The Life of David Lack is organized chronologically around the 13 books Lack wrote before his death at the age of 62. This approach interweaves his science and life, but at times seems forced. Lack's major contributions to science arguably rest on just four of those books — Darwin's Finches and his three synthetic works on evolutionary ecology published between 1954 and 1968. A more in-depth exploration of the lasting influence of these four would be of considerable interest. Furthermore, the match between the content of the books when published and Lack's scientific and personal life at the time is not always very close.

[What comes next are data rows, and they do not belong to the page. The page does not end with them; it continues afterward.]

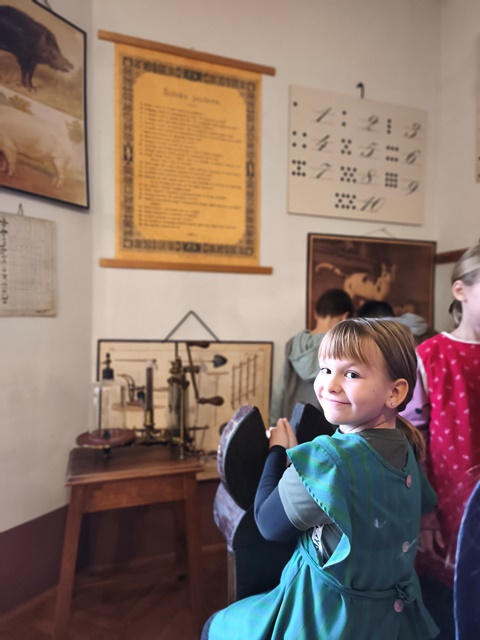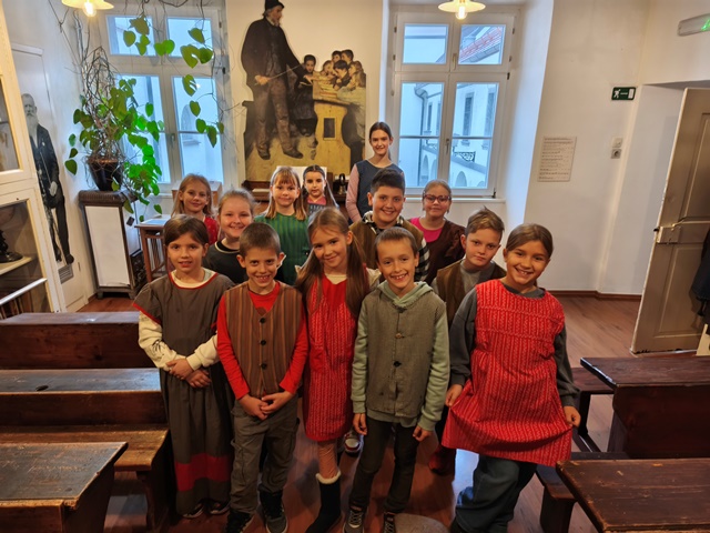 V sredo, 12. novembra 2025, smo obiskali Slovenski šolski muzej v Ljubljani. Ogledali smo si stalno razstavo o razvoju šolstva na Slovenskem in spoznali, kako so se včasih učili naši predniki.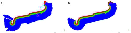 Then, to give an overall idea of the average height variation (Δh), the ratio between the volume variation ΔV and the total extent S was computed for the sea bottom, the submerged and the emerged breakwater portions, using the relation in Equation (4), where Vd and Ve are the deposited and the eroded volumes, respectively.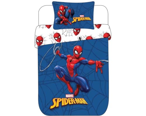 Spidey Bedding Set Junior Size | Duvet Cover 100x140 cm + Pillowcase 40x45 cm, 100% Cotton | Baby Bedlinen Set Perfect for Toddlers | Marvel Spidey Soft Reversible Cot Bedding Set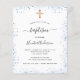 Eine moderne, elegante Taufe, die einen kleinen Jungen feiert. Ein stilvoller weißer Hintergrund mit blauen Imitaten, Staub aus Glitzer und einem goldenen Kreuz. Personalisieren und fügen Sie einen Namen und Party-Details hinzu. Schwarze Buchstaben.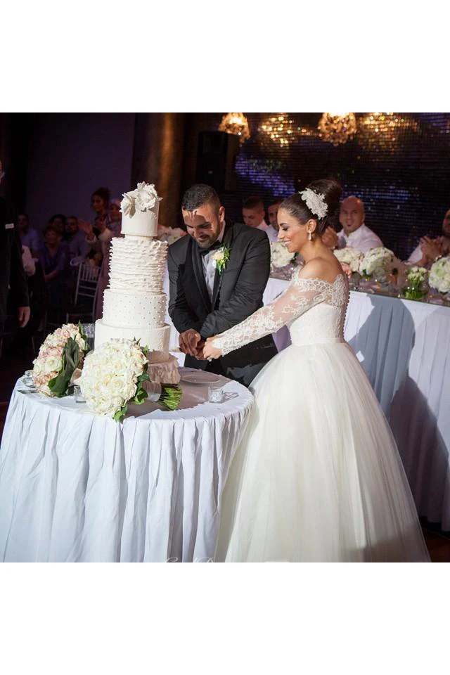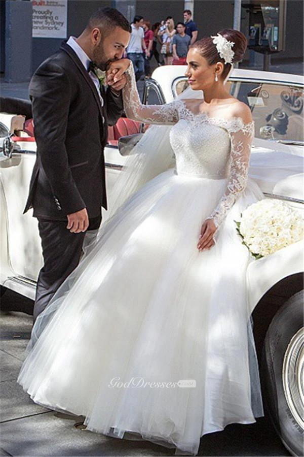 Glamorous Off-the-shoulder Lace Ball Gown Wedding Dress Tulle Button Back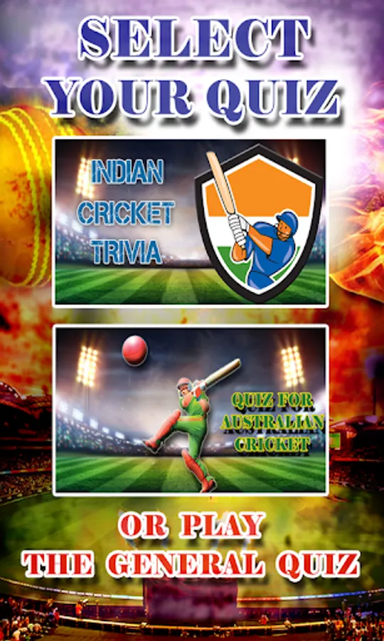 *Select from Indian Cricket, Australian Cricket or the general cricket quiz.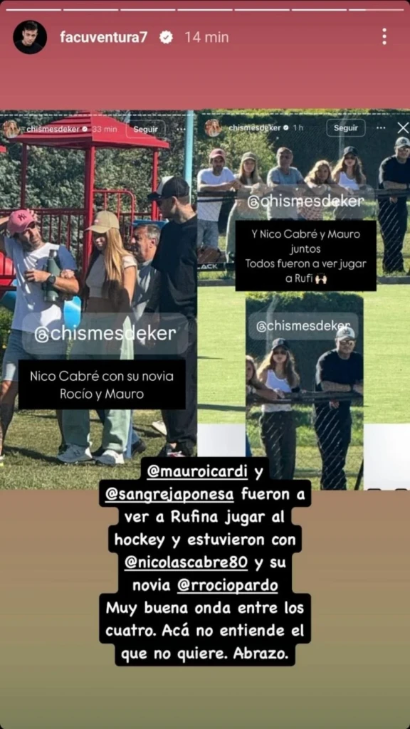 Nicolás Cabré y Mauro Icardi coincidieron el pasado fin de semana en un partido de hockey de Rufina. El actor fue a ver a su hija junto a su novia Rocío Pardo y la China Suárez, la mamá de la nena, asistió acompañada por el futbolista.

However, Anderson gives us a vivid portrait of Lack and the personalities and careers of many people he interacted with. Lack was a socially reserved man, for whom family life was of great importance, but he was also often described as prickly and abrasive over scientific issues. Anderson does not shy away from discussing Lack's scientific and personal conflicts. For instance, he gives a clear exposition of the long-running debate between Lack and zoologist Vero Wynne-Edwards over the balance of group and individual-level selection in population regulation, which presages current debates on levels of selection. He takes us from the origin of the clash to an eventual rapprochement on a natural history trip in the Scottish Highlands.

The iciness between Lack and zoologist Charles Elton — a founder of population ecology who was a colleague of Lack's at Oxford and a neighbour for decades — remains something of a mystery, however. Despite sharing a building in Oxford's Botanic Garden, the door between Lack's and Elton's groups remained locked until Elton's retirement. Anderson speculates that the simple ecological principle of competitive exclusion might lie at the root of the conflict: here were two scientists who sought to explain the same general biological phenomena, using approaches that were too similar to enable their easy coexistence. Imagine how evolutionary ecology might have developed had they collaborated.